====== Available records

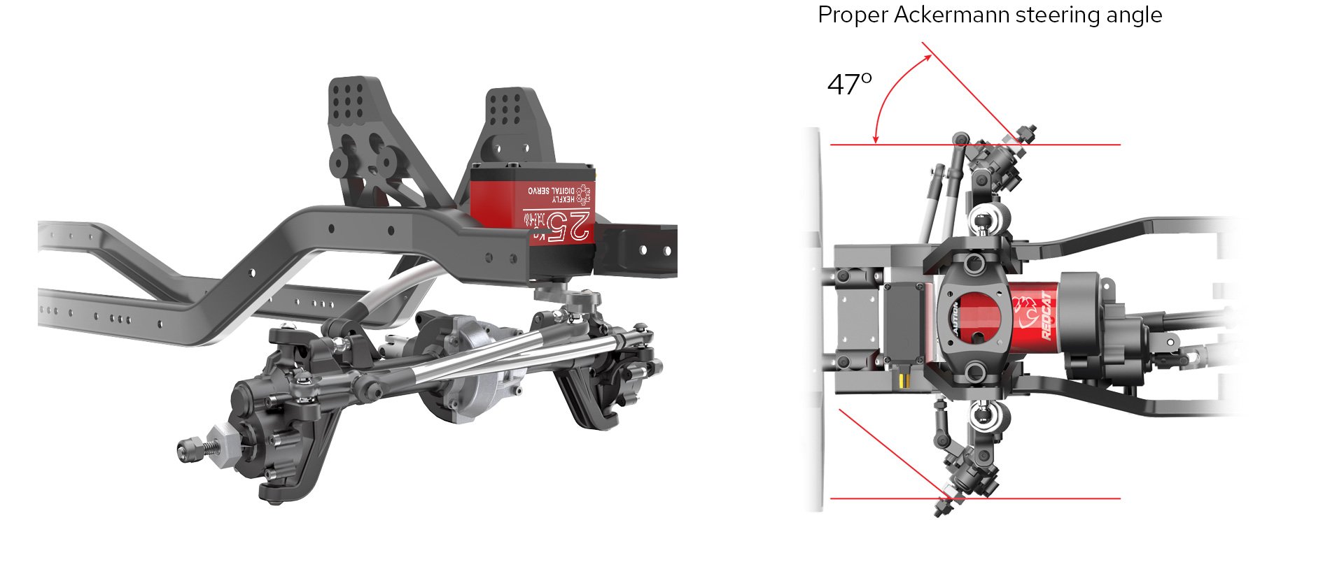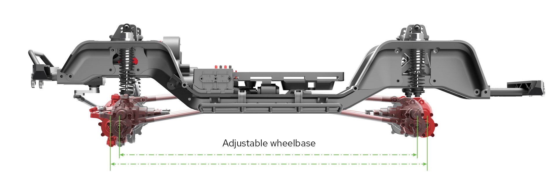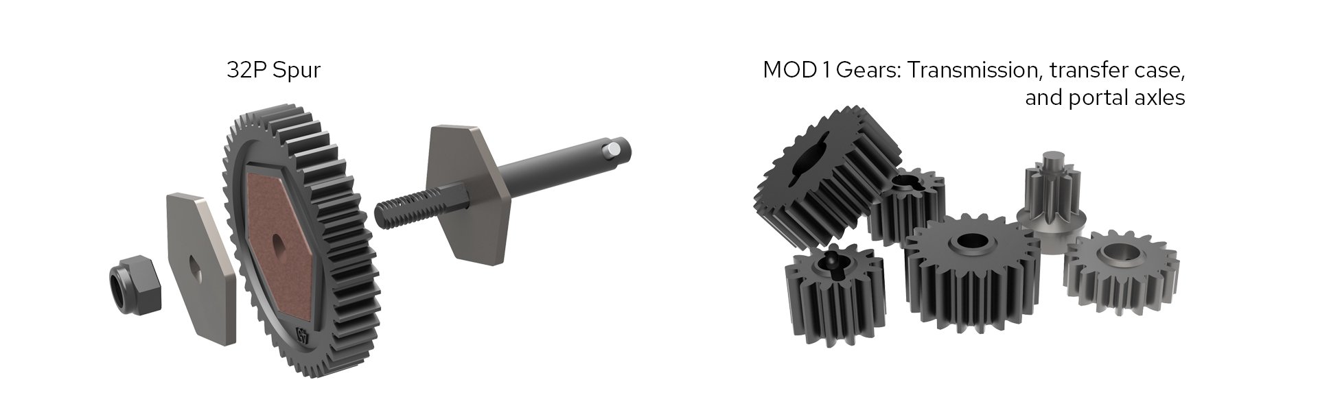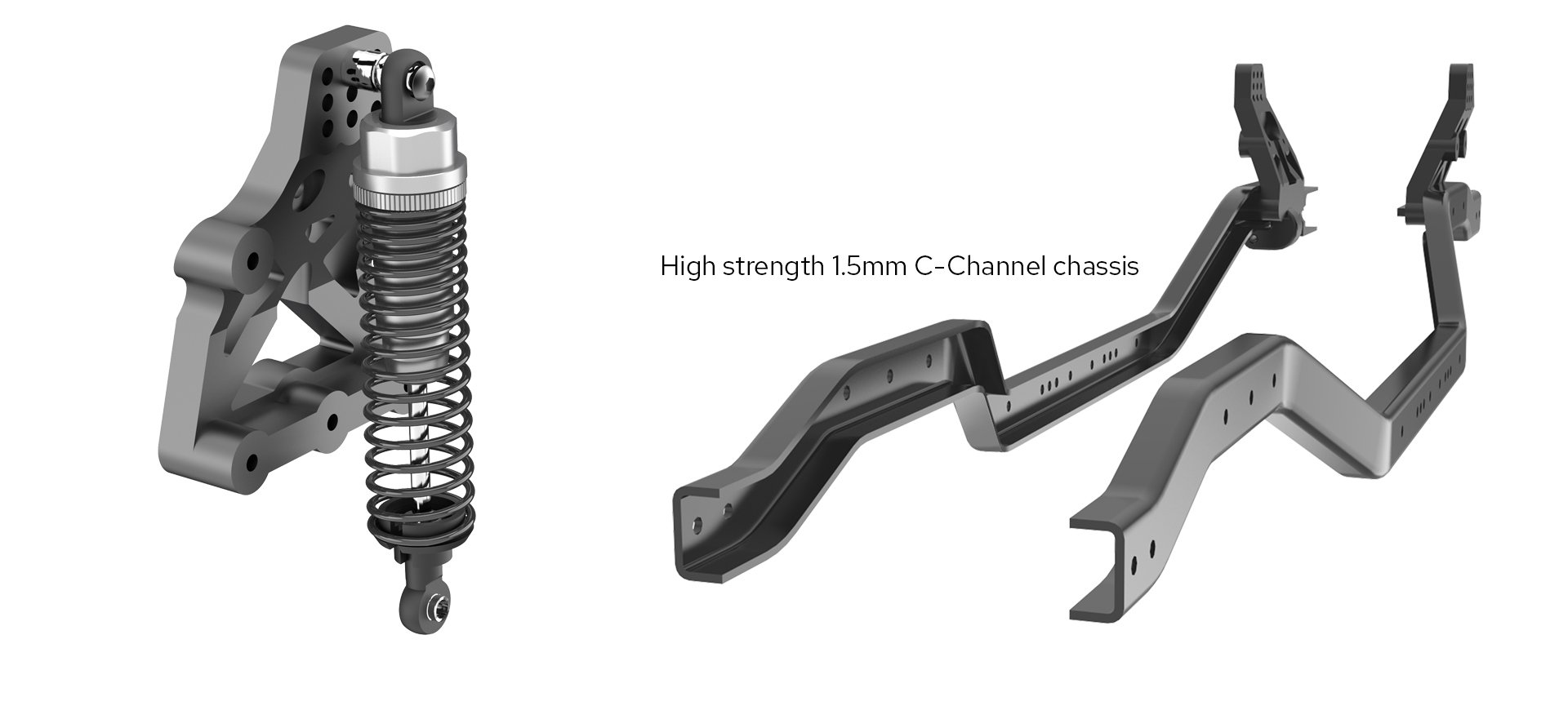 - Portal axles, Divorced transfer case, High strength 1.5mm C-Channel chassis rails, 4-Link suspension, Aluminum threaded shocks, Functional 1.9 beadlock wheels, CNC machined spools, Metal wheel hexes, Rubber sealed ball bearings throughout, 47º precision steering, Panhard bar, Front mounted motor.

============
====== Available records

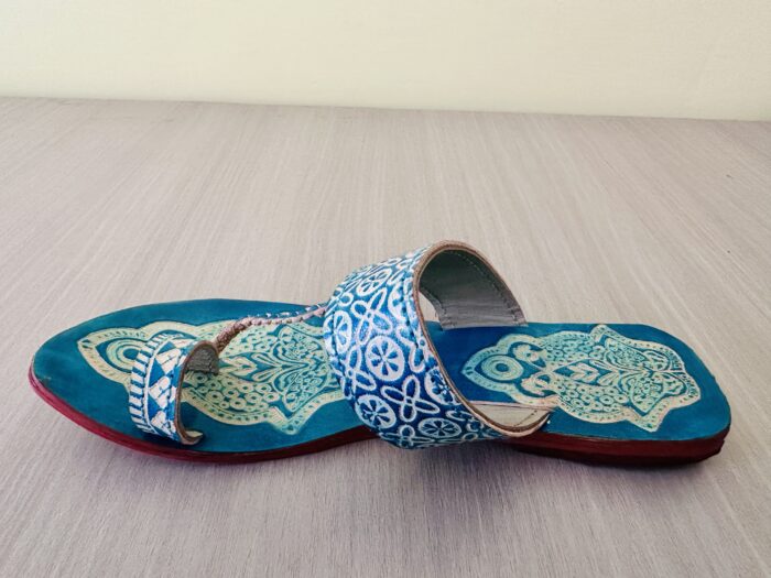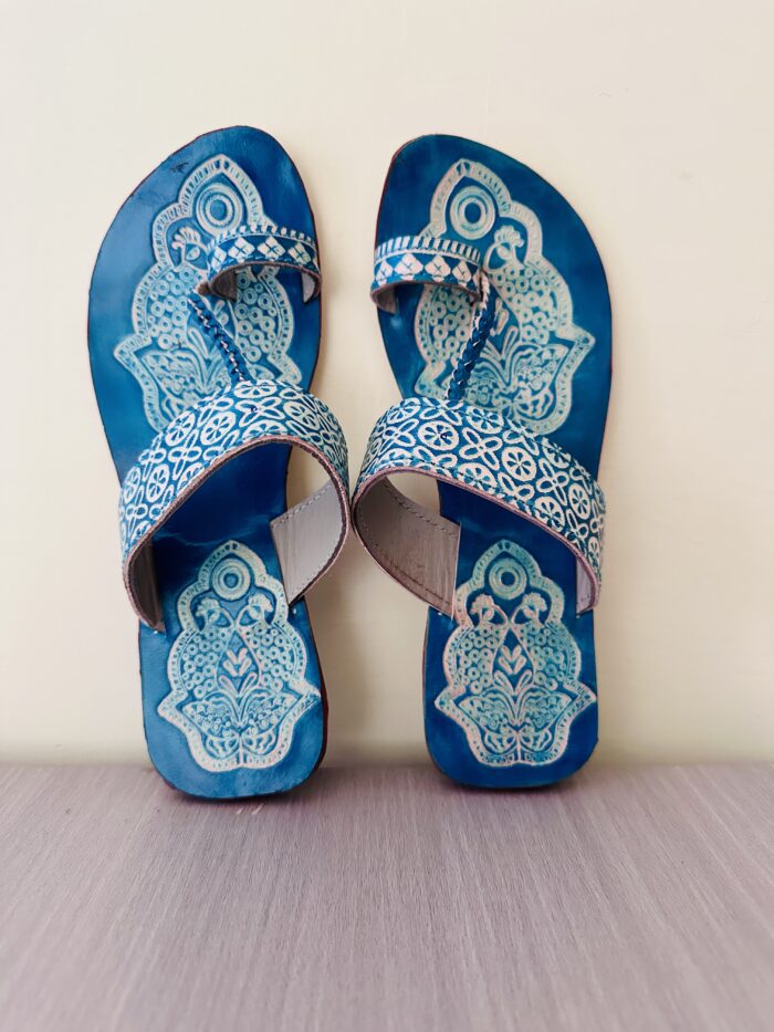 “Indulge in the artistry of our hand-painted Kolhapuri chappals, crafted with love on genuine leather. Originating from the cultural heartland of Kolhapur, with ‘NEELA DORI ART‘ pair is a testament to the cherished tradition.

============
====== Available records

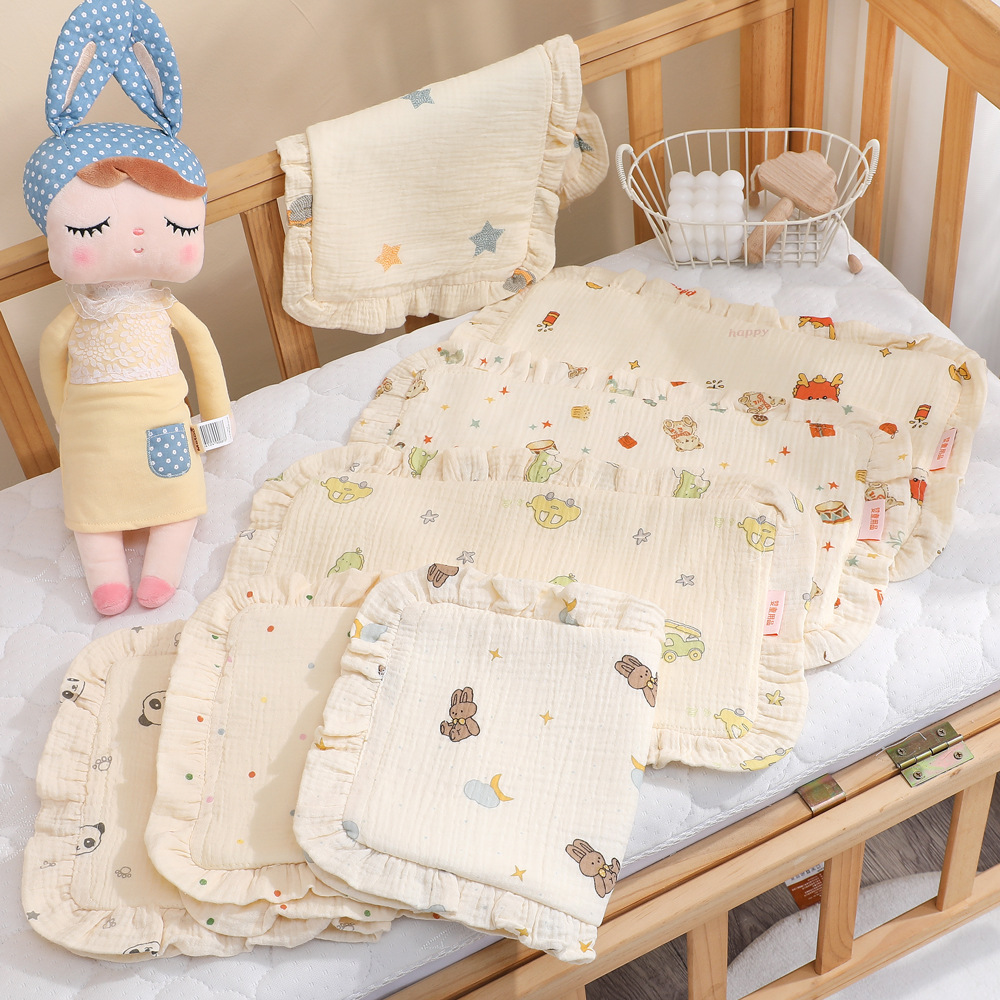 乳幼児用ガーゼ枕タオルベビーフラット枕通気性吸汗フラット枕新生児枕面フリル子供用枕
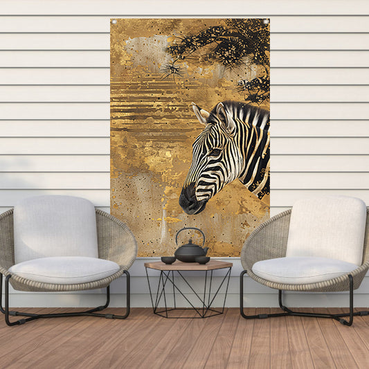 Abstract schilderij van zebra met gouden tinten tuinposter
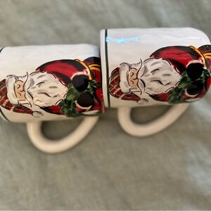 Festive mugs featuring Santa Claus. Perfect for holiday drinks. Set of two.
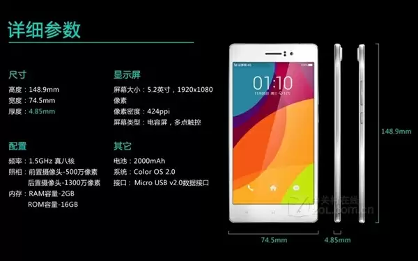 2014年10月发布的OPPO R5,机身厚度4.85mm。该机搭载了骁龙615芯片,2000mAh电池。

============

## Exercise goal:
Although the records above contain pictures, the copy must not; set down exactly the lines from the one with "乳幼児用ガーゼ枕タオルベビー" up to and including the one with "2014年10月发布的OPP".

## Response area:
 乳幼児用ガーゼ枕タオルベビーフラット枕通気性吸汗フラット枕新生児枕面フリル子供用枕
 Abstract schilderij van zebra met gouden tinten tuinposter
 Festive mugs featuring Santa Claus. Perfect for holiday drinks. Set of two.
 2014年10月发布的OPPO R5,机身厚度4.85mm。该机搭载了骁龙615芯片,2000mAh电池。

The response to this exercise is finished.